Plarium is a leading gaming company in the industry — Plarium’s games aren’t just play-for-fun it’s totally a way of life — with millions of active players every day, our games have already ranked Plarium 1# the in RPG & Strategy game charts. Raid: Shadow Legends is just one example of a game that blows up the charts every day.

All our games relay on data. In the gaming industry, it’s not just a “nice-to-have” solution in the tech stack. With more and more companies competing for limited players — our gameplay experience must be the best we can deliver and the way to know that relays on our data. All of that data is being collected, transformed, analyzed and exposed in our Data & M.L platform — that’s what drives our business forward and provides the best gameplay experience for our players.
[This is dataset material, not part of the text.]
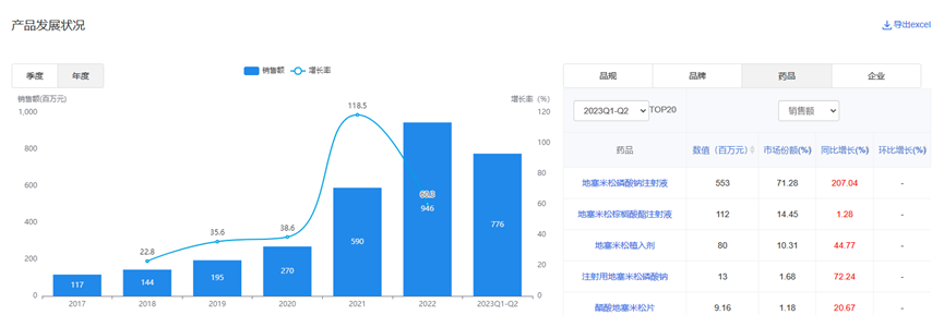 另有3个接近10亿,分别是艾司洛尔9.7、地塞米松9.46、来那度胺9.95。

So with that context — let’s start:

The first thing we did is decide what our main tech stack solution is. For this we need to focus on the goal and the requirements of our Data & M.L platform interactive system:

  1. Always Available — The main goal of a data platform in a fast-growing company is to give us the ability to take actions based on numbers with minimum time and effort. To achieve this we need to have flexible environment that everyone can use - anytime, anywhere.
  2. Multiple Clients — As the data grows the need to investigate and learn from it also grows. With this fact in mind - our platform should support every data costumer (Engineer, Analysts, Scientists, Visualization, BI, etc.).
  3. Scale To Zero — Another thing is the concept of paying only on what we need. Defining the needs and estimation of payment is highly critical — when you need to process TB’s of data — take resources as you need.
    When you no longer need the data — destroy.
  4. Minimum Maintenance Efforts — As a concept we don’t want to have an entire DevOps department to support our system stability and health. We, as engineers, want to take it on our own — with minimal Friday night wake-up calls.
  5. Isolated User Environment — One of the lessons we learned during investigation is that a shared user’s environment sucks. Every change, load or installation in the environment affects all users and with that — it can break the user’s work. We prefer the handle stuff individually and make the user environment isolated as possible.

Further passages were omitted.